Schwacher Aktienkurs

Bearingpoint steht vor dem Börsen-Delisting

Joachim Hackmann ist Principal Consultant bei Pierre Audin Consulting (PAC) in München. Vorher war er viele Jahre lang als leitender Redakteur und Chefreporter bei der COMPUTERWOCHE tätig.
Das IT-Beratungshaus Bearingpoint steht von der Verbannung von US-Börse New York Stock Exchange (Nyse).

Die Talfahrt der Bearingpoint-Aktie hat sich zuletzt noch beschleunigt. Zum Börsenschluss am 13. November belief sich ihr Wert an der Nyse nur noch auf sechs US-Cent.

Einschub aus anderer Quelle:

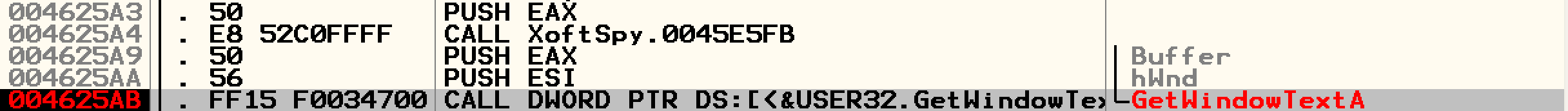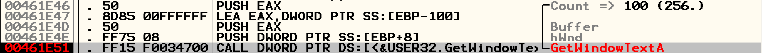 여러가지 API가 있지만 getWindowTextA를 살펴본다.
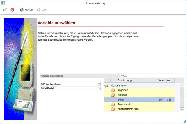 Durch Anklicken des VOR-Buttons kann entschieden werden, aus welcher Variable die E-Mail-Adresse geholt werden soll. Durch Anklicken des Zurück-Buttons kann eine andere Ausgabesteuerung gewählt werden.
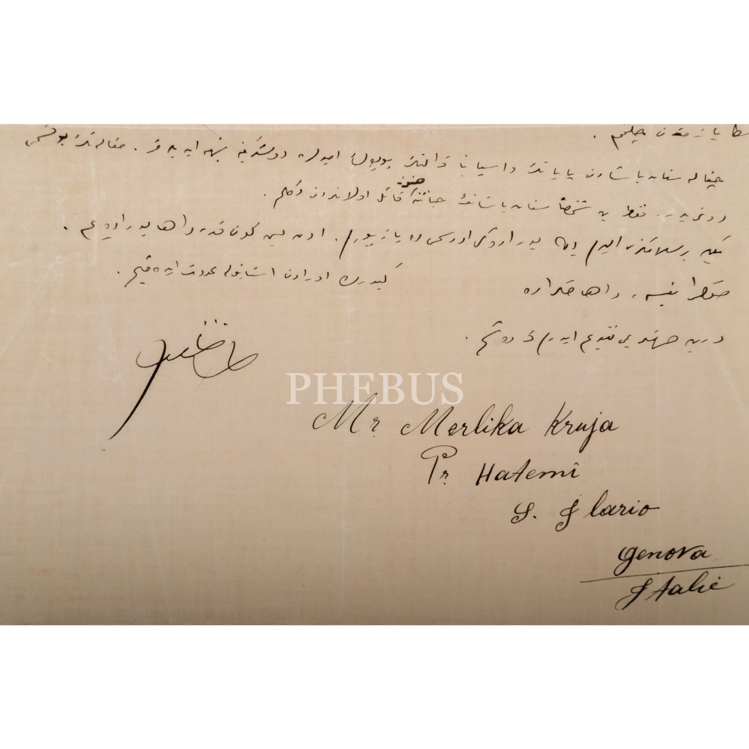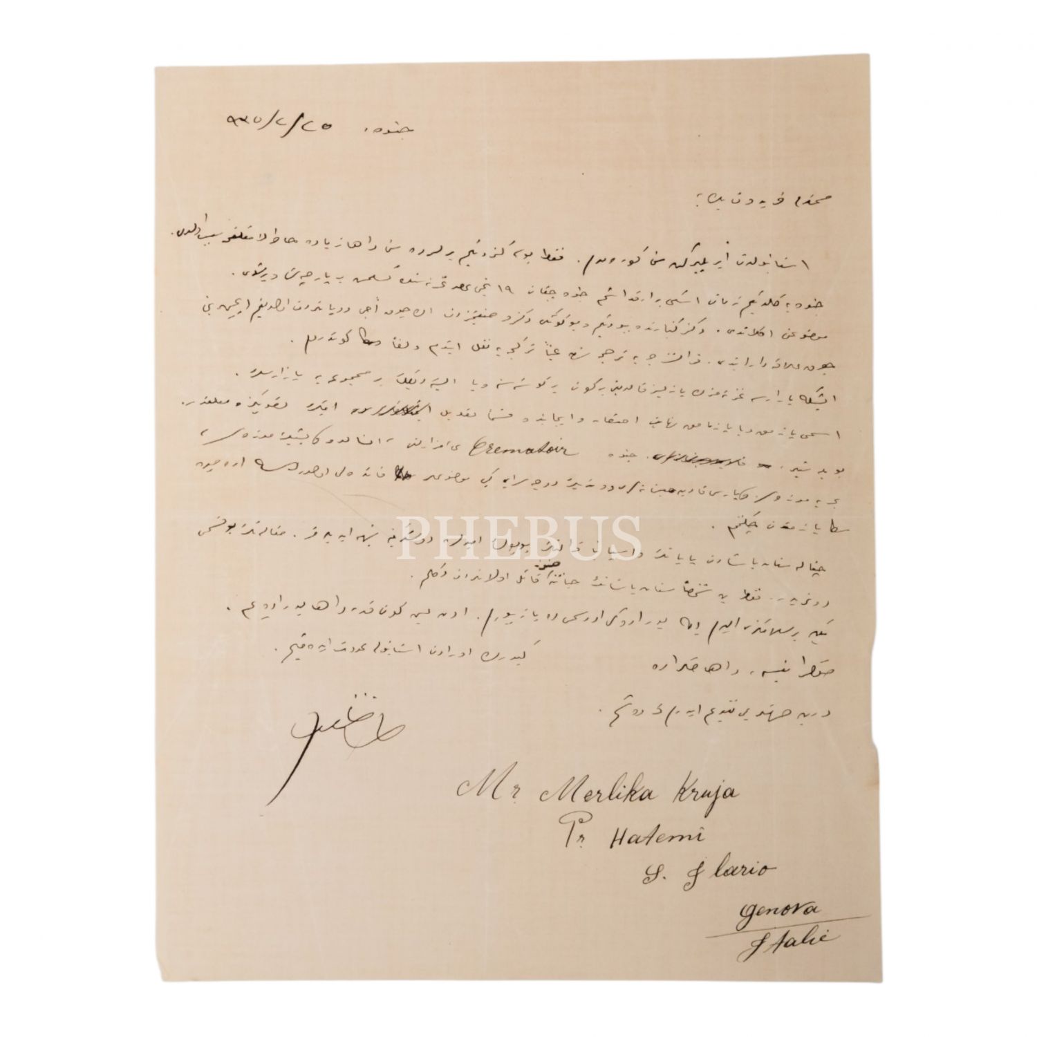 Osmanlı´da Maarif Nazırlığı bünyesinde danışman olarak görev yapmış, Arnavutluk Başbakanlarından Mustafa Merlika Kruja´nın el yazısıyla kaleme alıp imzaladığı mektubu, 25 Şubat 1935, 22x28 cm...
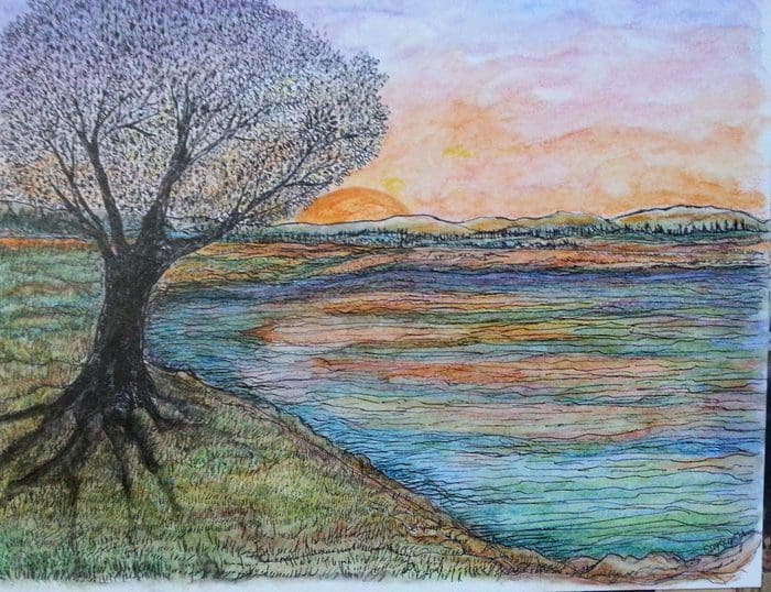 “Lake Sunset” Multi-Media Painting by Sherry Dell’aria-McGrath
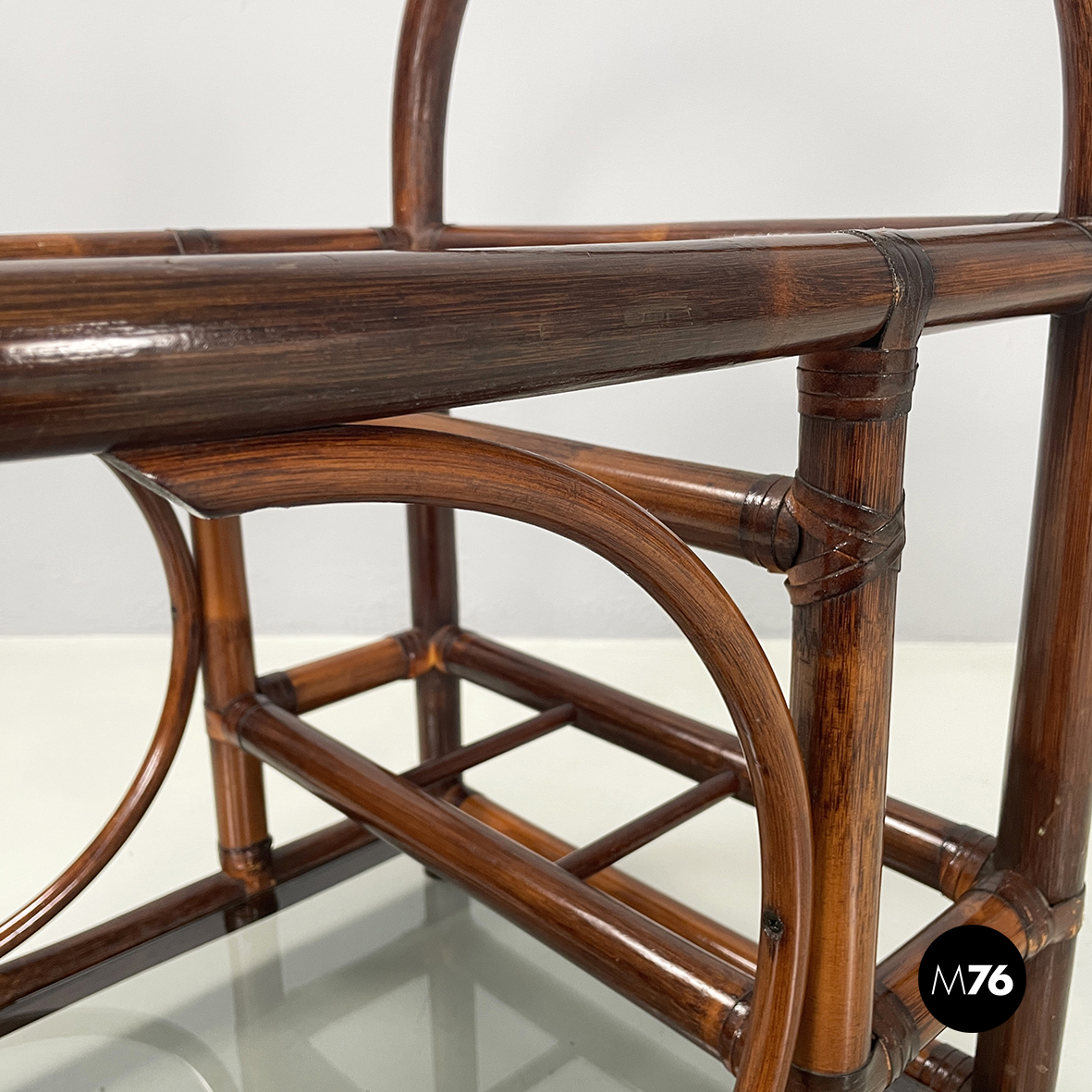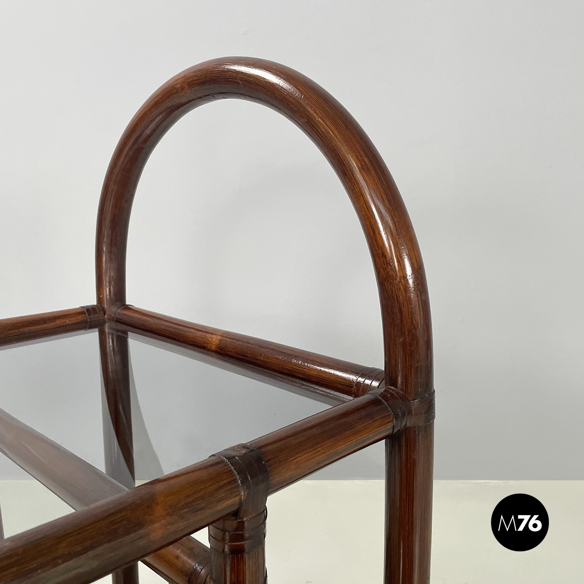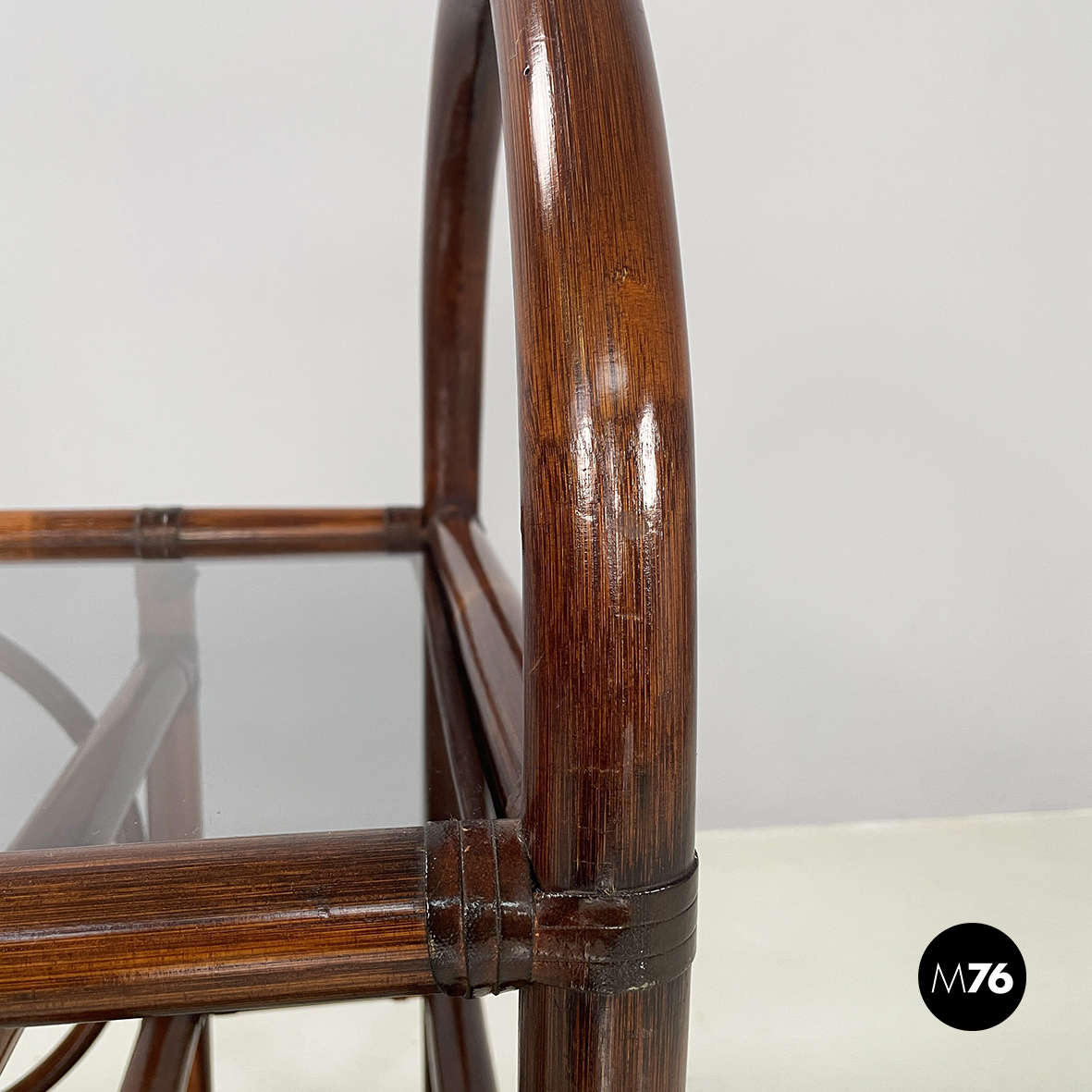 Tavolo da caffè a due piani in vetro fumè e bambù curvato scuro. I due ripiani presentano un lato tondeggiante con interni in vetro e profili in bambù. Nel piano inferiore sono presenti tre portabottiglie a sezione quadrata. La struttura e il manico sono in bambù curvato. Alla base presenta 4 piedini a sezione tonda
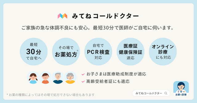 「みてねコールドクター」は、最短30分で自宅に医師を呼ぶことができる、健康保険が適用可能な夜間・休日の往診アプリ※1です。アプリから簡単に依頼でき、医師がご自宅に伺い診察※2、その場でお薬をお渡しします※3。また、「夜間・休日に限らず相談したい」というご要望にお応えして、24時間365日対応※4のオンライン診療や医療相談も提供しています。医療相談は無料でご利用いただけ、相談後に往診やオンライン診療をご依頼いただくことも可能です。あらかじめアプリをインストールし、ご自身やご家族の情報を登録しておくと、急な体調不良時も慌てず安心。経験豊富な約400名の医師が、あなたとご家族の健康をいつでもサポートします。

Ein Jahr zuvor gab es noch 4,39 Dollar pro Aktien. Die Nyse kündigte nun das Delisting an, nannte aber keine Gründe für das Vorhaben. Sie verweist lediglich auf die üblichen Kriterien. Möglicherweise hat der ungewöhnlich schwache Handel mit dem Papier den Ausschlag für die Entscheidung gegeben. Der Wert des Bearingpoint-Anteilsschein beträgt seit 30 Handelstagen weniger als ein Dollar. Im gleichen Zeitraum sackte die Marktkapitalisierung dauerhaft unter 100 Millionen Dollar. Damit erfüllt Bearingpoint nicht mit die Kriterien für einen Verbleib an der Börse. Das Unternehmen wurde von der Nyse informiert und kann nun gegen den Beschluss vorgehen.